Mars Insight Lander, Artist’s impression (NASA/JPL)

“The eye prefers repetition, the ear prefers variety”

I was at the annual Amazon technical summit here in London last week, and today’s blog post is based on something I heard one of the presenters say. On the whole it was a day of consolidating things already developed, rather than a day of grand new breakthroughs, and I enjoyed myself hearing about enhancements to voice and natural language services, together with an offbeat session on building virtual 3d worlds.

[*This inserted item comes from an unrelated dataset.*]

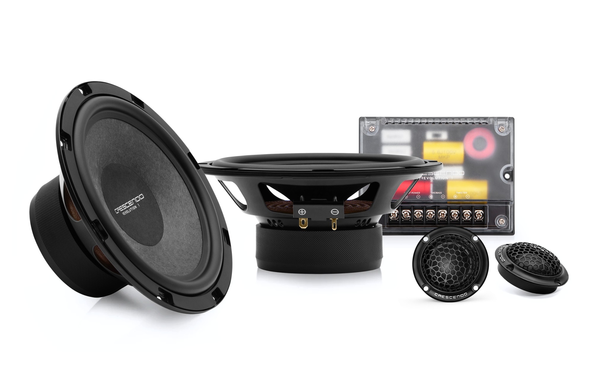 Zoznámte sa s Crescendo Revolution 1S2, komponentným systémom s pôsobivou kvalitou zvuku, ktorý vás uvedie do sveta cenovo dostupnej sound quality. Revolution 1S2 prekvapí vyváženou tonalitou a vyspelou reprodukciou zvuku, k čomu prispievajú starostlivo vybrané materiály a kvalitné komponenty spolu s vynikajúcim spracovaním. Súčasťou systému Revolution 1S2 je stredový reproduktor s papierovou membránou zabezpečujúcou vernú reprodukciu zvuku a presne definované nízke frekvencie. Výškový reproduktor s hodvábnou kalotou s priemerom 28 mm umožňuje reprodukciu detailných vysokých frekvencií s príkladnou čistotou. Na mieru navrhnutá mriežka s originálnym dizajnom zabezpečuje optimálny priechod zvuku. Integrované hliníkové šasi výškového reproduktora nielenže umocňuje krásny dizajn, ale zabezpečuje aj minimálne skreslenie a vibrácie. Medzi výhody systému Revolution 1S2 patrí aj vysoká reálna citlivosť a optimálne naladený výkon, vďaka čomu je možné reproduktory bez obáv pripojiť aj na továrenské systémy. Súčasťou balenia je aj vysokokvalitná frekvenčná výhybka s možnosťou nastavenia úrovne výškového reproduktora a dizajnové skrutky na montáž reproduktorov.

Grid design based on thirds (Interaction Design Foundation)
Grid design based on thirds (Interaction Design Foundation)

But I want to focus on one specific idea, contrasting how we build human-computer interfaces quite differently for the eye and the ear. In short, “the eye prefers repetition, the ear prefers variety“. Look at the appearance of your typical app on computer or phone. We have largely standardised where the key elements go – menu, options, title and so on. They are so standardised that we can tell at a glance if something is “in the wrong place“. The text stays the same every time you open it. The icons stay the same, unless they have a little overlay telling you to do something with them. And so on.

Now in the middle of a technical session I just let that statement drift by, but it stuck with me afterwards, and I kept turning it over. Hence this post. At face value it seemed a bit odd – our eyes are constantly bombarded with hugely diverse information from the world around us. But then I started thinking some more. It’s not just to do with the light falling into our eyes, or the biology of how our visual receptors handle that – our image of the world is the end result of a very complex series of processing steps inside our nervous system.

House By Beach - quick sketch
House By Beach – quick sketch

A child’s picture of a face, or a person, is instantly recognisable as such, even though reduced to a few schematic shapes. A sketch artist will make a few straight lines and a curve, and we know we are looking at a house beside a beach, even though there are no colours or textures to help us. The animal kingdom shows us the same thing. Show a toad a horizontal line moving sideways, and it reacts as though it was a worm. Turn the line vertical and move it in the same way, and the toad ignores it (see this Wikipedia article or this video for details). Arrange a dark circle over a mouse and increase its size, and it reacts with fear and aggression, as though something was looming over it (see this article, in the section headed Visual threat cues).

https://78.media.tumblr.com/d9d3e010a958fbd345007c823d3d6580/tumblr_oojho5wyH31udk21ko1_500.jpg
Toad: Mystery Science Theatre 3000

It’s not difficult to see why – if you think you might be somebody’s prey, you react to the first sign of the predator. If you’re wrong, all you’ve lost is some time and adrenalin. If you ignore the first signs and you’re wrong, it’s game over!

So it makes sense that our visual sense, including nervous system as well as eyes, reduces the world to a few key features. We skim over fine detail at first glance, and only really notice it when we need to – when we deliberately turn our attention to it.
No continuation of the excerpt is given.